Now Shauna feared she would never know. Under mounting pressure from her parents to get a job she was booked for an interview at the local telecom giant the following day. Her best friend, Tanisha, had put in a word for her with Tariq Morrison, one of the HR managers. He also happened to be Tanisha’s neighbor and had arranged an internship for her there last summer.  

Tanisha had branded it corporate hell. “Full of backstabbers and fake-smilers,” she had reported while gratefully pocketing the generous salary for ten entire weeks.  

Shauna rolled over and reached for the remote to start the ceiling fan. It wasn’t yet summer, but the heat was fierce. She would have preferred to turn on the air conditioning, but she was tired of fighting with her parents about the electricity bill. 

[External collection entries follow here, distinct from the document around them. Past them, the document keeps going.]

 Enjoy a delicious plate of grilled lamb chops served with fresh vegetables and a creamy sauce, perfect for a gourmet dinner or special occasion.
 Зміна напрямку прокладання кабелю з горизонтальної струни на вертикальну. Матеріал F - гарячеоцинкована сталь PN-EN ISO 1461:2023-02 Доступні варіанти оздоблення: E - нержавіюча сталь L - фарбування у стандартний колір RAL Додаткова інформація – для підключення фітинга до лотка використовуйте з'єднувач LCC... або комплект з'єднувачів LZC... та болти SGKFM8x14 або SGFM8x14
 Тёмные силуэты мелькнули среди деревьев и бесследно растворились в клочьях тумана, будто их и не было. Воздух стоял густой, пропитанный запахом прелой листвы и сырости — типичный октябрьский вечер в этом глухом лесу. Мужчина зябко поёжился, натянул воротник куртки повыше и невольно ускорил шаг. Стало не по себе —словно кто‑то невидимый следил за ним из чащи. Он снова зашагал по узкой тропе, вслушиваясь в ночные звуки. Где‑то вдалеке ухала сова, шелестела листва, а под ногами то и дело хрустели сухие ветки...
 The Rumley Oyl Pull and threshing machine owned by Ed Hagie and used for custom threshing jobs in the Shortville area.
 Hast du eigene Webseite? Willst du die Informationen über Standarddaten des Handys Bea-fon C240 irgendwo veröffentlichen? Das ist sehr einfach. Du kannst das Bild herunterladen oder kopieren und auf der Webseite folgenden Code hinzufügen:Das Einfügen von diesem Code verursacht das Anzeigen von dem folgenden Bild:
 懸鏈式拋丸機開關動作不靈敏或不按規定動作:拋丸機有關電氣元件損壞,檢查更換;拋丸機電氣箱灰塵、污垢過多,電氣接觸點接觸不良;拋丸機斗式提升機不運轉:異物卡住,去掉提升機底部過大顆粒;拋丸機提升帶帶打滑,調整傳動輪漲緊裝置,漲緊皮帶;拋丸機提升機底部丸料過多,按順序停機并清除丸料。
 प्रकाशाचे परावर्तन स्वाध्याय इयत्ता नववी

That was another reason why she loved visiting her cousin in Miami – central air conditioning, along with shopping and The Cheesecake Factory. Anyway, there would be no more trips for now – her parents had refused to dole out any more cash. Shauna told herself, ‘Tomorrow I’ll do whatever it takes to win that job’. She started practicing interview responses in her mind and bid the thought of sleep goodbye. 

… 

Cocooned in his office, Shauna was perfectly still while Martin Campbell, Vice President of Regulatory Policy, perused her resume. She used the time to observe him from across the small meeting desk. He was a tiny man, pale and balding. Peering through Tom Ford eyewear, he stroked his greying beard absentmindedly. His office was dotted with awards and a framed law degree from Stanford hung above his head. Shauna tried not to smirk. Islanders loved to show off their foreign degrees…as if the local University wasn’t good enough for them.  

“Miss Templeton. First class honors!” He was beaming when he finally looked up at her. Shauna was convinced she could see all thirty-two teeth. “And you won the Principal’s Award two years running. I am impressed indeed.” 

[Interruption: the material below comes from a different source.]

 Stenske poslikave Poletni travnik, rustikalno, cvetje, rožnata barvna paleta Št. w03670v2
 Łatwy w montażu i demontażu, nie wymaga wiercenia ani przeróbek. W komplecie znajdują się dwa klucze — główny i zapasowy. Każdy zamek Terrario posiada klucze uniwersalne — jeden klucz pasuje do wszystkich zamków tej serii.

“Thank you, Mr. Campbell. I worked hard and I am proud of my achievements.” 

“Please call me Martin. We aren’t so formal here.” He grinned again. 

‘That’s weird’ Shauna thought. Tanisha had told her it was a stuffy environment and you had to address senior staff formally. It was already unusual that she had a shoo-in to meet with the VP directly, but that was the power of connections – life on a small island was a closely networked affair. If she played her cards right it would surely mean a job come Monday morning. 

“What do you believe you bring to our company?” 

“I am a hard worker, determined to find solutions, and I get along very well with people. I’m also a natural leader, and I am excellent at public speaking. In fact, I co-hosted a radio program as you can see on my resume.” 

Martin Campbell was intrigued. The questions flowed like rapid-fire, and Shauna was surprised at how confidently and easily she fielded them while asking some of her own. Dressed in her favorite Ann Taylor grey suit and a crisp white button-down from Zara, she was prepared and focused. Plus, he was turning out to be likable. She hadn’t expected to enjoy the conversation and she felt a twinge of guilt at her earlier cynicism.  

“Why don’t we finish this over lunch? It’s already twelve thirty but I’d like to continue the discussion.” 

The suggestion caught Shauna off guard. She hadn’t prepared for this in her script.  

“Ahm, now? Do you have a canteen in this building?”  

Martin laughed at her question and Shauna was suddenly on high alert.

“Oh no. I was thinking of somewhere more deserving of a fine young lady such as yourself,” he said.

Chill, Shauna, just chill. She willed her body to relax as a horse started galloping in her chest.  

“You flatter me Mr. Campbell. I’m actually not hungry.” 

“Trust me, you will have an appetite when the lobster arrives.” He stood up and grabbed his keys and jacket. “Have you ever dined at Morgan’s Park?” 

Shauna was nonplussed. The horse was thundering about in her mid-section now. 

Morgan’s Park was a swanky dining spot next to the famous Harbor Hotel. It was also a thirty-five-minute drive away from the town center. Even if she was okay with going to lunch, the whole thing would take at least two and a half hours.  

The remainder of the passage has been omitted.